Stored entries
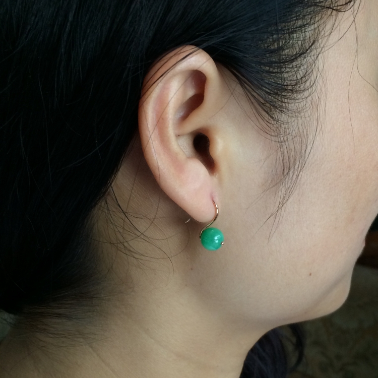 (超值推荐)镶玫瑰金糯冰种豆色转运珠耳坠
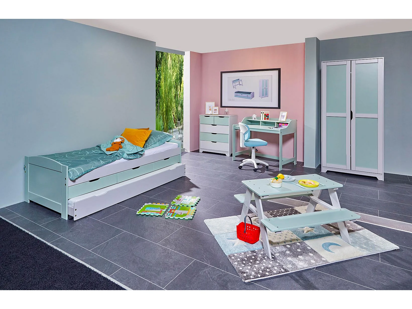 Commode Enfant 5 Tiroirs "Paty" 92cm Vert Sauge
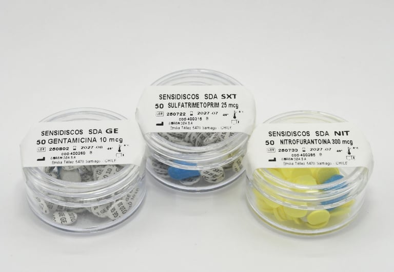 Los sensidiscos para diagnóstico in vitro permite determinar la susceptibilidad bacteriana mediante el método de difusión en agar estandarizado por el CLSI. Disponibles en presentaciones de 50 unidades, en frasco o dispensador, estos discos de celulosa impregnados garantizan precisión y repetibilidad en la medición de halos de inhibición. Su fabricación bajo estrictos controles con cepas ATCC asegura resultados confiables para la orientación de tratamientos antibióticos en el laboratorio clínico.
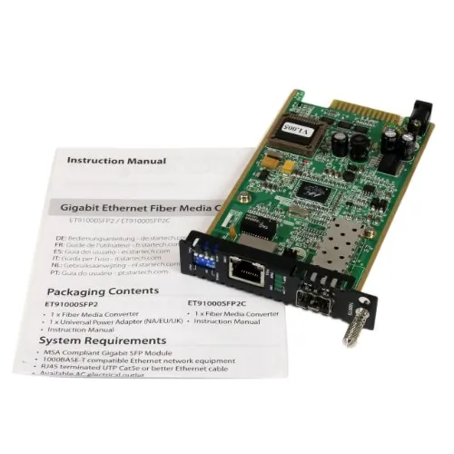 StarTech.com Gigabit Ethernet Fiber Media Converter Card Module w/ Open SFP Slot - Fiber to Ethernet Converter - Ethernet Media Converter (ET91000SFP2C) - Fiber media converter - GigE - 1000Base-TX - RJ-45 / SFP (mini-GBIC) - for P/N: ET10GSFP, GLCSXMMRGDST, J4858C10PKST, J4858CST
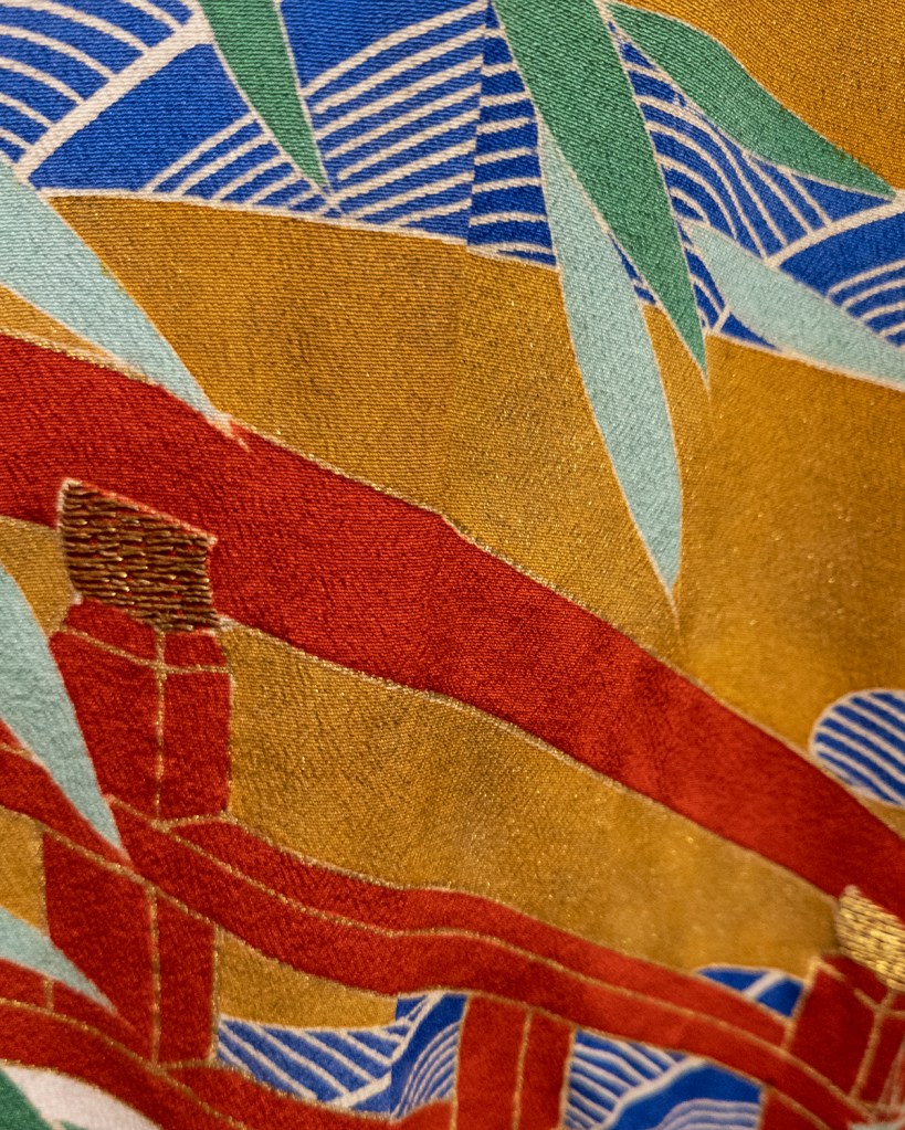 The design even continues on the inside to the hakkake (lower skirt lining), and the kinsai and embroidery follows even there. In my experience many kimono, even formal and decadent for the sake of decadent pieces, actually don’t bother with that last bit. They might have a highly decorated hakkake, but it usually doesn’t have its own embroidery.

Task item
Could you set down, exactly as written, every line from the start of the records above through the line containing "StarTech.com Gigabit Ethernet", leaving the pictures out?

Completed exercise
 (超值推荐)镶玫瑰金糯冰种豆色转运珠耳坠
 Commode Enfant 5 Tiroirs "Paty" 92cm Vert Sauge
 Los sensidiscos para diagnóstico in vitro permite determinar la susceptibilidad bacteriana mediante el método de difusión en agar estandarizado por el CLSI. Disponibles en presentaciones de 50 unidades, en frasco o dispensador, estos discos de celulosa impregnados garantizan precisión y repetibilidad en la medición de halos de inhibición. Su fabricación bajo estrictos controles con cepas ATCC asegura resultados confiables para la orientación de tratamientos antibióticos en el laboratorio clínico.
 StarTech.com Gigabit Ethernet Fiber Media Converter Card Module w/ Open SFP Slot - Fiber to Ethernet Converter - Ethernet Media Converter (ET91000SFP2C) - Fiber media converter - GigE - 1000Base-TX - RJ-45 / SFP (mini-GBIC) - for P/N: ET10GSFP, GLCSXMMRGDST, J4858C10PKST, J4858CST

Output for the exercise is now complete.